The Vail Veterans Program provides military injured and their families free, world-class therapeutic programs that may bring them to the slopes or the golf course, a biking trail or horse ranch. Those recreational programs do build confidence and build community but the Veterans Path to Success is more purpose-driven.
“What we do in our other programs is absolutely beautiful, but this is allowing them to come here, create change, go back into the community and live out their purpose,” Collett said.
Collett felt the change, too, and found his purpose this week in Vail.
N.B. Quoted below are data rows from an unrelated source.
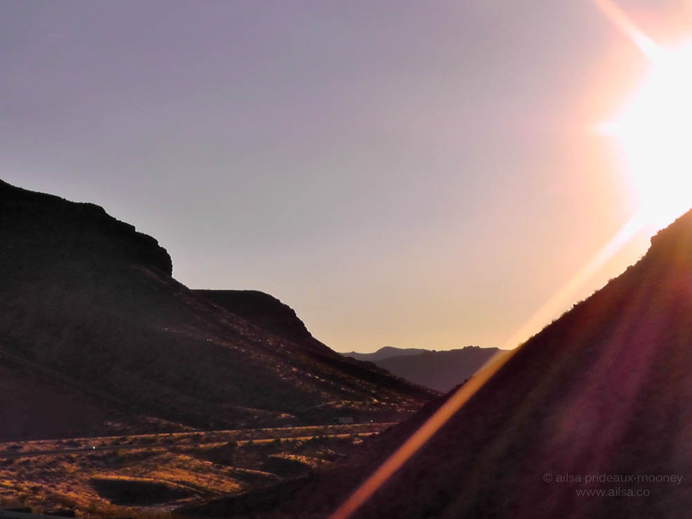 The moon was already high in the sky when we entered the gorge but we weren’t in any rush now, so meandered through leisurely, marvelling at the scenery. The sun was beginning to set by the time we emerged into the Arizona desert, now painted heather and ochre by the dying rays of light.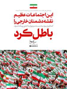 ✍️ حضرت آیتالله خامنهای رهبر انقلاب اسلامی در پیامی ضمن تجلیل از کار بزرگ ملّت عظیمالشأن ایران در اجتماعات گسترده امروز و روز تاریخیای که آفریده شد، تأکید کردند: ملّت ایران، خود را و همّت و هویت خود را به رخ دشمنان کشید و این هشداری به سیاستمداران آمریکا بود که فریبکاری خود را متوقف کنند و به مزدوران خائن تکیه نکنند. 🖼 متن پیام رهبر انقلاب اسلامی خطاب به ملّت ایران به این شرح است: ✍️ بسم الله الرّحمن الرّحیم ✏️ ملّت عظیمالشأن ایران! ✏️ امروز کار بزرگی انجام دادید و روزی تاریخی آفریدید. این اجتماعات عظیم و سرشار از عزم راسخ، نقشهی دشمنان خارجی را که قرار بود به دست مزدوران داخلی پیاده شود، باطل کرد. ✏️ ملّت بزرگ ایران، خود را و همّت و هویت خود را به رخ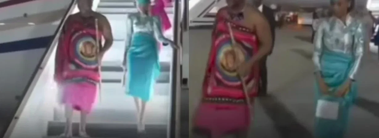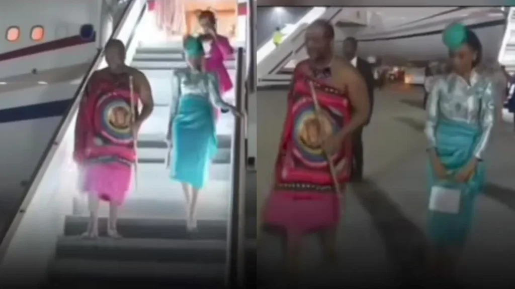 fun factorss ಹೆಸರಿನ ಇನ್ಸ್ಟಾಗ್ರಾಮ್ ಖಾತೆಯಲ್ಲಿ ಶೇರ್ ಮಾಡಲಾದ ವಿಡಿಯೋದಲ್ಲಿ ಯುಎಇ ಅಬುಧಾಬಿ ವಿಮಾನ ನಿಲ್ದಾಣದಲ್ಲಿ ಖಾಸಗಿ ಜೆಟ್ನಲ್ಲಿ ಆಫ್ರಿಕನ್ ರಾಜ ಮ್ಸ್ವಾಟಿ ಬಂದು ಇಳಿಯುತ್ತಿರುವುದನ್ನು ಕಾಣಬಹುದು. ಅರ್ಧಂಬರ್ಧ ಸಾಂಪ್ರದಾಯಿಕ ಉಡುಗೆ ತೊಟ್ಟಿದ್ದ ಈ ಆಫ್ರಿಕನ್ ರಾಜನಿಗೆ ಅಲ್ಲಿದ್ದ ವ್ಯಕ್ತಿ ತಲೆಬಾಗಿ ನಮಸ್ಕರಿಸುತ್ತಿರುವುದನ್ನು ನೀವು ನೋಡಬಹುದು. ರಾಜ ಮ್ಸ್ವಾಟಿ ಚಿರತೆ ಚರ್ಮದ ಮಾದರಿಯ ಸಾಂಪ್ರದಾಯಿಕ ಉಡುಪನ್ನು ಧರಿಸಿದರೆ, ಪತ್ನಿಯರು ಆಕರ್ಷಕವಾದ ಆಫ್ರಿಕನ್ ಉಡುಗೆಗಳನ್ನು ಧರಿಸಿರುವುದನ್ನು ಕಾಣಬಹುದು.

He reflected on all the people alongside him throughout the years, giving him tough love, forcing him to look inside of himself for the answers which finally brought him to a place where he said he feels he can be a lighthouse for others.
“I think that’s all I ever wanted to be is a lighthouse because these veterans, these incredible humans are in a storm on a daily basis,” Collett said. “And if I can just be a little bit of light for them, so they know that it’s possible to make it back and correct the course. That’s what my purpose on this earth is. I didn’t think I had any more tears to cry. It’s been extremely heavy this week but I’m so grateful to finally be able to walk in my purpose.”